What started as a scandal about shady flood control contracts has snowballed into something bigger. Ever since the President put a spotlight on the issue in his last SoNA, the outrage has spilled out of social media timelines and into the streets.
And the ripple effect has been dramatic. In just a few weeks, we saw the Senate President replaced and the House Speaker forced to resign. Multiple senators and congressmen have been implicated in schemes to plunder the nation’s coffers. Suddenly, the people who used to sit comfortably in high office are now scrambling to clear their names, insisting they were just innocent bystanders while billions were washed away.

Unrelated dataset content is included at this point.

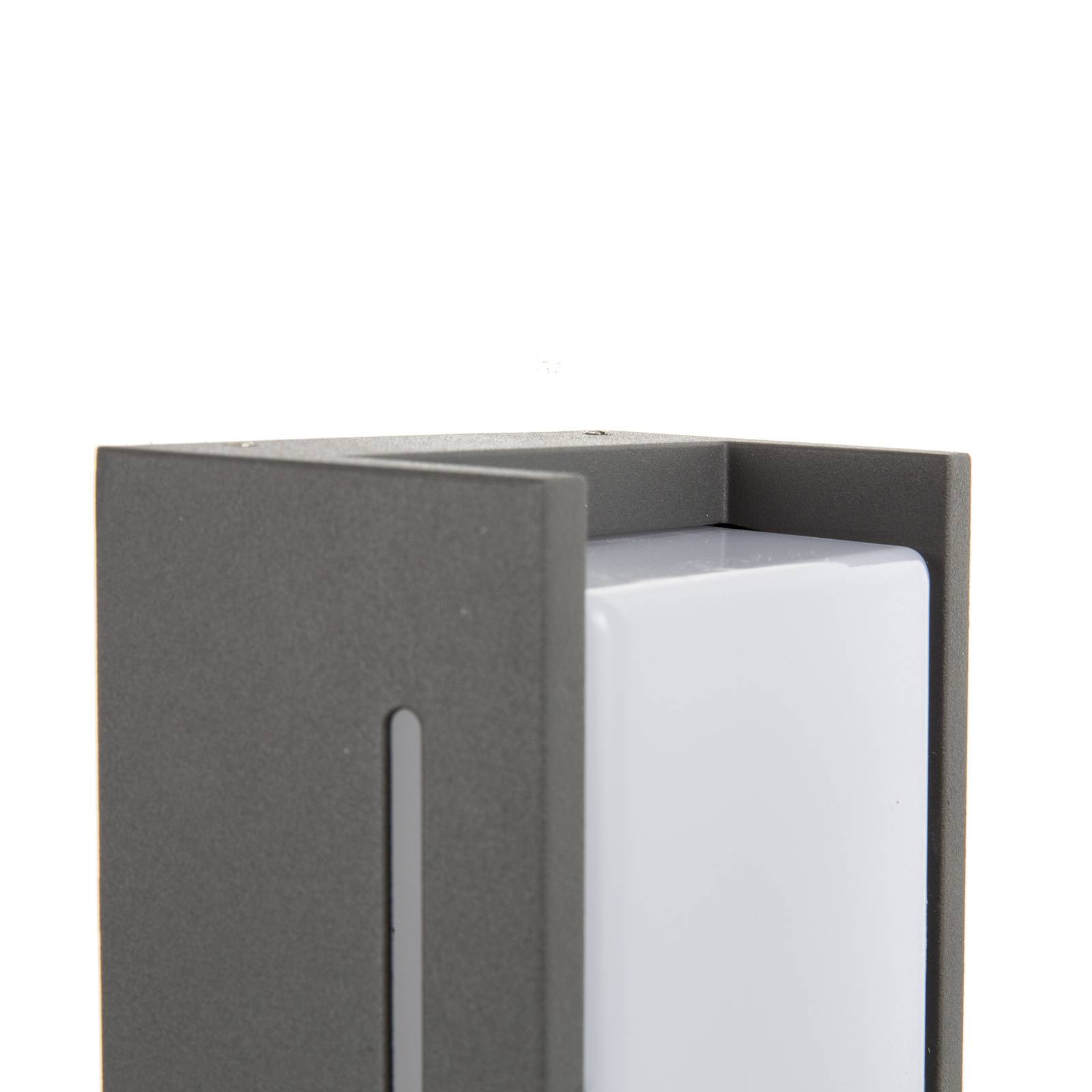 Antraciet buitenwandlamp Hoosic De Hoosic buitenmuurarmatuur kenmerkt zich door zijn eenvoudige, moderne uitstraling. Antracietkleurig metaal is gecombineerd met een cilindrische kunststofkap - het resultaat is een tijdloze en eenvoudige buitenmuurarmatuur die past bij elke gevel en bouwstijl. Het ziet er bijzonder aantrekkelijk uit wanneer meerdere armaturen uit de serie worden gecombineerd.

The rallies on 21 September, which drew tens of thousands, were the clearest sign yet that ordinary citizens have had enough. It’s not every day you see that many Filipinos braving the heat, the rain, and the traffic to shout in unison: “tama na, sobra na” (enough, that’s enough)!
But here’s the rub. For all the drama, for all the leadership reshuffles, for all the angry headlines and hashtags, not a single one of those implicated has faced a real consequence. No charges. No formal censure. No expulsion from office. We see them on the news every day, still strutting in front of cameras, still pretending to hold the moral high ground.
In the Senate, it has reached peak absurdity, with Senators Jinggoy Estrada and Joel Villanueva taking active roles in an investigation that in part is supposed to look into their own possible culpability. That’s not oversight. That’s mockery. And quite frankly, it is downright insulting.
And then there are the others who have so far escaped mention. What of their accountability? What of Vice President Sara Duterte, whose impeachment just months ago was based in part on her own alleged links to corruption? Her camp is now trying to spin the narrative that she’s somehow untouched by all this. Their message is clear: everybody else is dirty, but not Sara. It’s a painfully obvious attempt to hijack the public anger and convert it into a political succession plan.
This is the danger we face. There’s plenty of anger, plenty of noise, but very little clarity. No serious headway in naming all those actually responsible. No progress in imposing consequences. If this continues, the furor will eventually die down, the guilty will breathe a sigh of relief, and we will find ourselves right back in the familiar territory of corruption as usual.
That is why there has to be a sustained public clamor. We can’t just be content with outrage. The House, the Senate, and now the Independent Commission for Infrastructure all need to be under constant scrutiny. This cannot end as another spectacle. It certainly cannot be allowed to become a tool for equally tainted politicians to push their own self-serving agendas.
There must be consequences. Criminal charges, removal from office, at the very least an official censure. And beyond that, there must be real changes to the rotten system that allowed this scandal to flourish in the first place.
Most importantly, we MUST remember this when it comes time to vote. If we don’t replace the same old names with new, credible ones, then we are simply setting ourselves up for yet another colossal disappointment.
And the next great corruption scandal, and the next round of public outrage, will just be waiting in the wings.